Look through the listing below for the line with "or top elements." and the line with "LUTIM, Chaneltimur.com –". Copy both, along with every line between them, exactly and with no pictures.

[Opening DATA TO EXAMINE section]

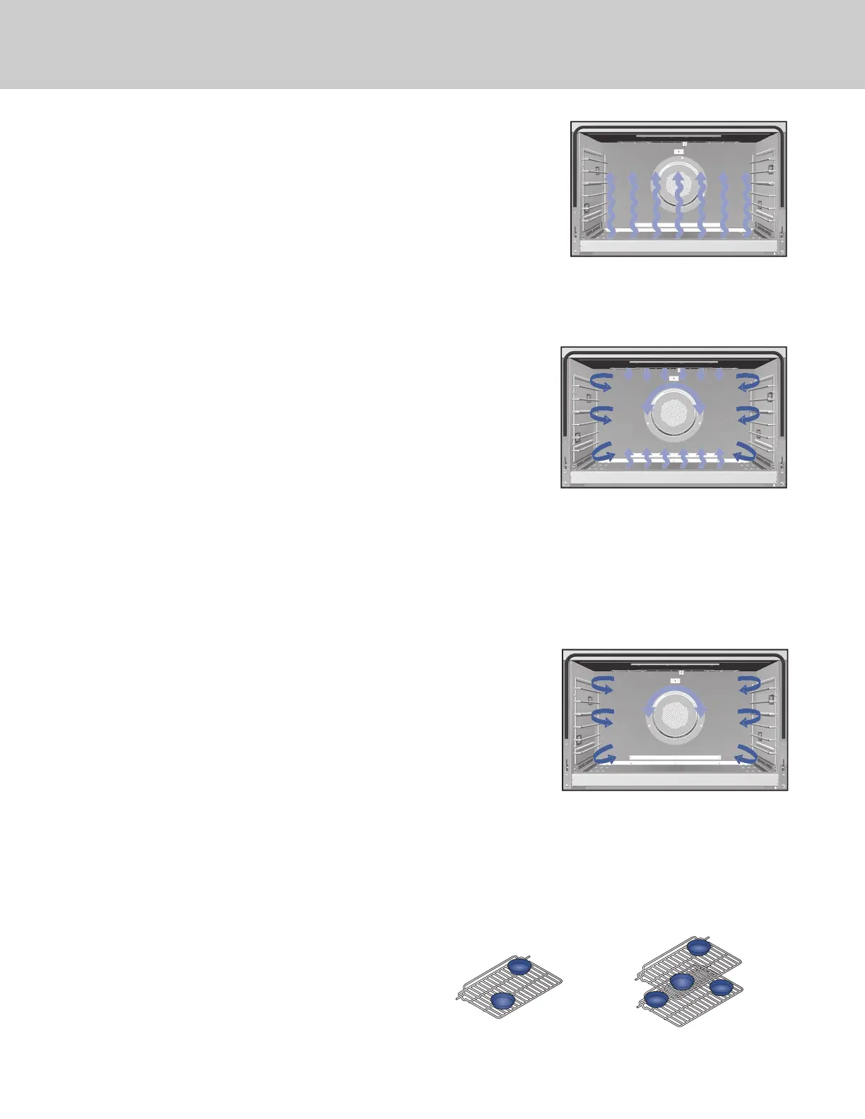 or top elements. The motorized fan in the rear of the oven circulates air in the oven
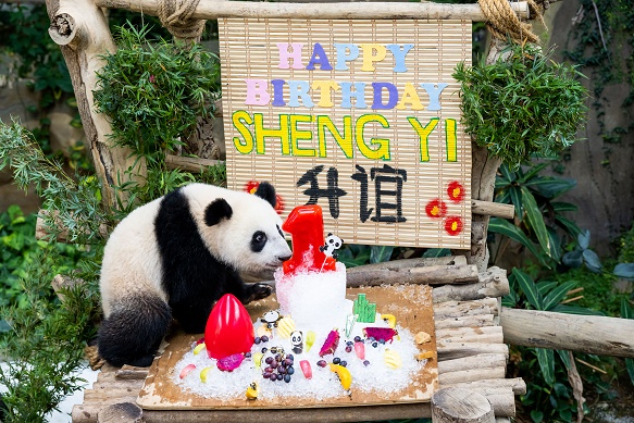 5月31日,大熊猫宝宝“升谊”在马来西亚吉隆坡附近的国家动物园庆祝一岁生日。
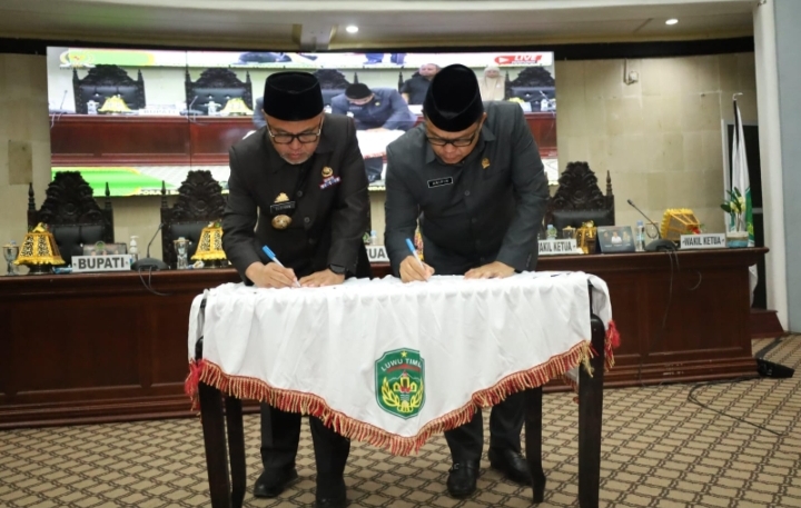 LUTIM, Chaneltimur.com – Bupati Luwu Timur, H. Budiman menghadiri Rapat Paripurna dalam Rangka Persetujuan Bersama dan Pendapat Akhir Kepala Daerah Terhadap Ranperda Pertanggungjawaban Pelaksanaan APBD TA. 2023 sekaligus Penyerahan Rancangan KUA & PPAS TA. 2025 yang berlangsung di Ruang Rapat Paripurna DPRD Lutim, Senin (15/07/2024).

[Closing DATA TO EXAMINE section]
[Opening DATA TO EXAMINE section]

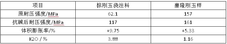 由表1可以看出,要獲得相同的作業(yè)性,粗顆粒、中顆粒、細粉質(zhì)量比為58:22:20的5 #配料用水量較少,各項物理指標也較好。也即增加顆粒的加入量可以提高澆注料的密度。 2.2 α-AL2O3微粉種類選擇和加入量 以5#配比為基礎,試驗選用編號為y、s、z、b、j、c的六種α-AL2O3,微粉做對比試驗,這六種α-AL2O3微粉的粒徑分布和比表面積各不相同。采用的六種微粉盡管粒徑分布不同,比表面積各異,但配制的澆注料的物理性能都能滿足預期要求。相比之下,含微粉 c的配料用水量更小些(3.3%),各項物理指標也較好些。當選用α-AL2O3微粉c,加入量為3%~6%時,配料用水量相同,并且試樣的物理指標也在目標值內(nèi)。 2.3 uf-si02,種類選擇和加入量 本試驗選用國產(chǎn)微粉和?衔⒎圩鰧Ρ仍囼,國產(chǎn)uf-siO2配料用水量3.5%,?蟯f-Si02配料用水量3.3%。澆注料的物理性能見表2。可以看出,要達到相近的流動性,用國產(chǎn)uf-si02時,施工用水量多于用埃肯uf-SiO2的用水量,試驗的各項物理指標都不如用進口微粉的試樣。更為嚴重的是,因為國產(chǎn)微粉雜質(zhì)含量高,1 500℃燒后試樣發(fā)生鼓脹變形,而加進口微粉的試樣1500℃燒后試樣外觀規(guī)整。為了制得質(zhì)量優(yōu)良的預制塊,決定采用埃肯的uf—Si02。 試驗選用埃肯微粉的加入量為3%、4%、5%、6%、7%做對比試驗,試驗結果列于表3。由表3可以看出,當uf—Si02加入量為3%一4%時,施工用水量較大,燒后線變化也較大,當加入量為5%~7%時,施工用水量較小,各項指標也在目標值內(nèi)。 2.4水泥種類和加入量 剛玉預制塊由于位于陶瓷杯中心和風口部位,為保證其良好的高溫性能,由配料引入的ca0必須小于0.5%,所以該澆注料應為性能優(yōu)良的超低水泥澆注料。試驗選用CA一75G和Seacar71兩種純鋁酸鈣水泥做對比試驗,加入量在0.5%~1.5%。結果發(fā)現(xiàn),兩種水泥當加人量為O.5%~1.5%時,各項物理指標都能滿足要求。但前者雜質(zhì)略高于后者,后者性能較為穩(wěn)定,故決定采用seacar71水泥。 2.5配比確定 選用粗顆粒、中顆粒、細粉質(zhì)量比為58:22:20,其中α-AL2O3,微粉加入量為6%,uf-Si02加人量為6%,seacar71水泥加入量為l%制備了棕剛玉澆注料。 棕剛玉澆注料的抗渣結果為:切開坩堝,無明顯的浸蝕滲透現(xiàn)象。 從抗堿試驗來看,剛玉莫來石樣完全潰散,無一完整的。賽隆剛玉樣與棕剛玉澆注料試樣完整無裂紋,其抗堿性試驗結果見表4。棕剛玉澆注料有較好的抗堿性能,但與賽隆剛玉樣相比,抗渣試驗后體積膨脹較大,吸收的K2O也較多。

[Closing DATA TO EXAMINE section]

## OUTPUT
 or top elements. The motorized fan in the rear of the oven circulates air in the oven
 5月31日,大熊猫宝宝“升谊”在马来西亚吉隆坡附近的国家动物园庆祝一岁生日。
 LUTIM, Chaneltimur.com – Bupati Luwu Timur, H. Budiman menghadiri Rapat Paripurna dalam Rangka Persetujuan Bersama dan Pendapat Akhir Kepala Daerah Terhadap Ranperda Pertanggungjawaban Pelaksanaan APBD TA. 2023 sekaligus Penyerahan Rancangan KUA & PPAS TA. 2025 yang berlangsung di Ruang Rapat Paripurna DPRD Lutim, Senin (15/07/2024).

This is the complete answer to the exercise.